И куда ни обернется он, за что ни схватится — все вокруг него глядит как будто самостоятельно. Шел он, например, давеча по Невскому — навстречу начальник отделения идет, и крест на шее, и вид такой привлекательный… А ведь еще молодой человек! Конечно, он уж и полноват, и с брюшком, а все-таки молодой человек. Вот и он тоже молодой человек, а не начальник отделения… Что за притча такая!

Встретил он также щегольские дрожки, лошади отличные, пристяжная так и подкидывает; в дрожках едет господин с орлиным носом и проницательными глазами смотрит на мир, как будто взором своим хочет провертеть диру во вселенной.

— Смотрите-ка, — говорят кругом, — это В*** едет! пройдоха, кулак, бестия! а ведь что за голь, что за голь-то была! просто, с позволения сказать, в одной рубашке хаживал.

И между тем В*** — еще молодой человек, да ведь и он, Мичулин, молодой человек, а не ездит же в щегольских дрожках!

А вон и еще молодой человек — этот даже совсем розовый молодой человек, а ведь на нем одно пальто рублей шестьсот стоит; он и весел, и беспечен, все движения его живы и непринужденны, смех его звонок и свободен, глаза бодры и светлы, на щеках здоровье ключом бьет. Актриса ли мимо проедет — улыбнется ему, да и он актрисе улыбнется, важный человек встретится, руку ему жмет, шутит с ним, смеется…

— Этот молодой человек — князь С***, - говорят все кругом…

Да ведь и Иван Самойлыч молодой человек, а он уж и хил, и желт, и согнут, да и актриса ему не улыбается…

Да уж что тут далеко ходить, в отвлеченности пускаться! в одинаковой с ним сфере, подле него, в самом «гарнире», все нахлебники пользуются хоть какою-нибудь ролью, каким-нибудь значением, — одним словом, действуют как люди взрослые и самостоятельные. Иван Макарыч Пережига, например, был некогда мирным деревенским жителем и затравил на своем веку не одну сотню зайцев. Конечно, и зайцы и деревня — все это было уж очень давно; конечно, в настоящую минуту Иван Макарыч пользовался несколько двусмысленною репутацией насчет способов жизни, да ведь в этом виновна уж собственная его блудная натура, да притом хоть как-нибудь, а доставал-таки он себе кусок хлеба. Жил тут же и Вольфганг Антоныч Беобахтер, философии кандидат; этот служил, а в свободное от занятий время играл на гитаре различные бравурные арии. Вместе с ним проживал еще Алексис Звонский, чрезвычайно сведущий и ученый молодой человек, этот писал стихи, ставил фельетон в газету.
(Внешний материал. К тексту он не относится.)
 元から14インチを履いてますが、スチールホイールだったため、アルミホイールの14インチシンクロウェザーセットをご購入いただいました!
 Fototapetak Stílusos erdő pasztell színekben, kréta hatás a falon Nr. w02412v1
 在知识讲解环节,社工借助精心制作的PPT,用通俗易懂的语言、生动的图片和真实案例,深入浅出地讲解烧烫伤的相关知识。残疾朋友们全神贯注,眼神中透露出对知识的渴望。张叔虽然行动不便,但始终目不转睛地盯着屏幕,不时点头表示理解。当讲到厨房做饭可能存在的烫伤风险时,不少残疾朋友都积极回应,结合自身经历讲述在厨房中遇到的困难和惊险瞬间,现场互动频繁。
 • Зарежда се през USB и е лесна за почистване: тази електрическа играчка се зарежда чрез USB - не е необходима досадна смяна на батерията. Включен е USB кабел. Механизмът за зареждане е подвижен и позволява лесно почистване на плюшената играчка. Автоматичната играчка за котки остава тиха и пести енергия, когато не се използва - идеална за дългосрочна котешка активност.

Наконец, рядом с Иваном Самойлычем обитала Наденька Ручкина: и она была девица сведущая, хотя только по своей части…

Мысль эта давно уж вором кралась в сердце Ивана Самойлыча, и вдруг зависть, глубокая, но бессильная и робкая, закипела в груди его. Все, решительно все оказывались с хлебом, все при месте, все уверены в своем завтра; один он был будто лишний на свете; никто его не хочет, никто в нем не нуждается, как будто бы и век ему суждено заедать даром хлеб, как слабому, малоумному младенцу. Один он не может определительно сказать, что будет с ним завтра.
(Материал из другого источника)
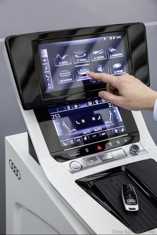The new Audi A7 systematically continues the digitalization strategy of the A8. The interior architecture melds seamlessly with Audi’s new MMI touch response operating concept. It replaces the rotary pushbutton and the conventional buttons and controls of the previous model with two large, high-resolution touch displays.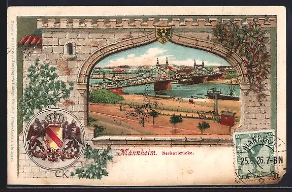 Passepartout-Lithographie Mannheim, Neckarbrücke, Burgmauer mit Wappen
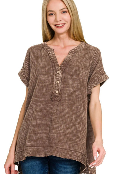 This stylish henley blouse features a comfortable relaxed fit crafted from lightweight textured gauze fabric in a versatile taupe shade. The short cuffed sleeves and decorative button placket create a casual yet polished look, while the high-low hemline adds modern appeal. Made from breathable cotton blend material, this blouse offers all-day comfort and easy care maintenance. Perfect for pairing with jeans, shorts, or skirts for effortless everyday style.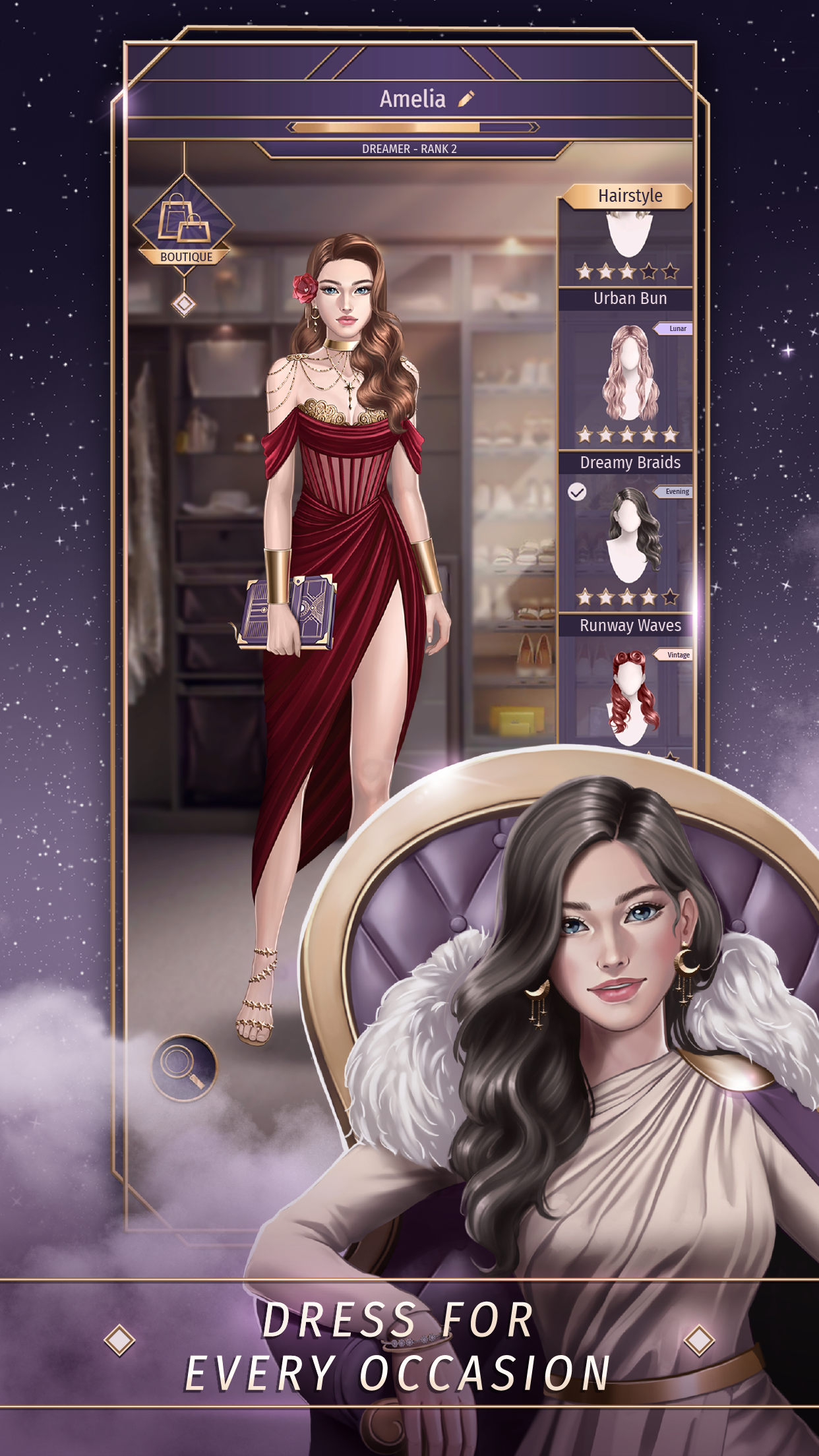 Your unique visual love story awaits! Dive into the most amazing choice game and go on an indescribable adventure while playing gripping interactive story games filled with secrets, excitement, roleplay, and danger. Live an unforgettable love fantasy and pick your virtual boyfriend in teen love story games inspired by dating sim games. Dress up for special occasions, earn fashion choice points and become a queen of Lunescape - Fantasy Love Story!

— Да что же я, в самом деле, такое? — говорил он, прогуливаясь мелким шагом по комнате — не потому, впрочем, чтобы не мог ходить и крупным, а потому что крупному шагу препятствовала самая дистанция комнаты, — отчего же на меня, именно на меня обрушиваются все несчастия? отчего другие живут, другие дышат, а я и жить и дышать не смею?! Какая же моя роль, какое мое назначение?
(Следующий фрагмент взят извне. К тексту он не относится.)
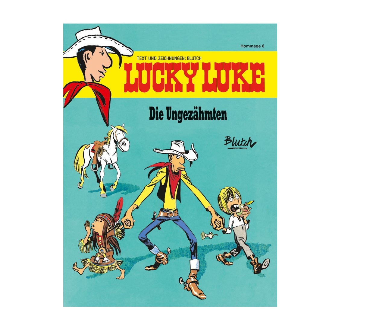 Übrigens! Der französische Texter und Zeichner Blutch wird während des 21. Internationalen Comic-Salons in Erlangen vom 30. Mai bis zum 2. Juni 2024 zu Gast sein. Comicfans können sich am Stand der Egmont Comic Collection die Lucky Luke Hommage von Blutch signieren lassen. Außerdem ist eine große „Blutch-Ausstellung“ im Rahmen des Festivals in Planung.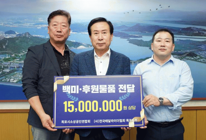 [¹Ìµð¾îÀü³² °í±Ô¼® ±âÀÚ]¸ñÆ÷½Ã¼Ò»ó°øÀο¬ÇÕȸ¡¤(»ç)Àü±¹¹è´Þ¶óÀÌ´õÇùȸ ¸ñÆ÷ÁöºÎ°¡ ¸ñÆ÷½Ã¿¡ ÈÄ¿ø¹°Ç°À» Àü´ÞÇß´Ù. ¸ñÆ÷½Ã¼Ò»ó°øÀο¬ÇÕȸÀº ȸÀå ÃëÀÓ ±â³ä ²É ÈÇÑ ´ë½Å ¹ÞÀº ½Ò 10§¸ 30Æ÷(100¸¸¿ø »ó´ç)¸¦, (»ç)Àü±¹¹è´Þ¶óÀÌ´õÇùȸ ¡¦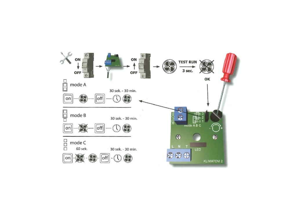 Mod C – Ventilátor startuje se zpožděním cca 1 minuty (přivedení napětí na svorku T) a po vypnutí vypínače (na svorce T není žádné napětí) ventilátor ještě pracuje po nastavený čas doběhu. V tomto nastavení, jestli dojde k vypnutí napájecího napětí na svorku T dříve než za 1 minutu, ventilátor nezačne pracovat.

— Жизнь — лотерея! — начал было по привычке отцовской кодекс житейской мудрости, — смиряйся и терпи!

— Оно так, — подзыкал между тем какой-то недоброжелательный голос, — да почему же она лотерея, почему ж бы не быть ей просто жизнью?

Иван Самойлыч задумался.

"Ведь хоть бы этот князь! — думал он, — вот он и счастлив, и весел… Отчего ж именно он, а не я? Отчего бы не мне уродиться князем?"

И мысли всё росли и росли и принимали самые странные формы.

— Да что же я, что же я такое? — повторял он, с бессильною злобой ломая себе руки, — ведь годен же я на что-нибудь, есть же где-нибудь для меня место! где ж это место, где оно?

Так вот какая странная струна задребезжала вдруг в сердце Ивана Самойлыча, и задребезжала так назойливо и бойко, что он уж и сам, по обычной своей робости, не рад был, что вызвал ее.

И все предметы вокруг него смотрели как-то подозрительно и странно, принимали такую настойчивую, вопрошающую физиономию, как будто тащили его за воротник, душили за горло и, приставив к его лбу холодное дуло пистолета, сиплым басом допрашивали его: отвечай же нам, что же ты в самом деле такое?

Бледный, испуганный, упал он на кресло, закрыл руками лицо и горько заплакал…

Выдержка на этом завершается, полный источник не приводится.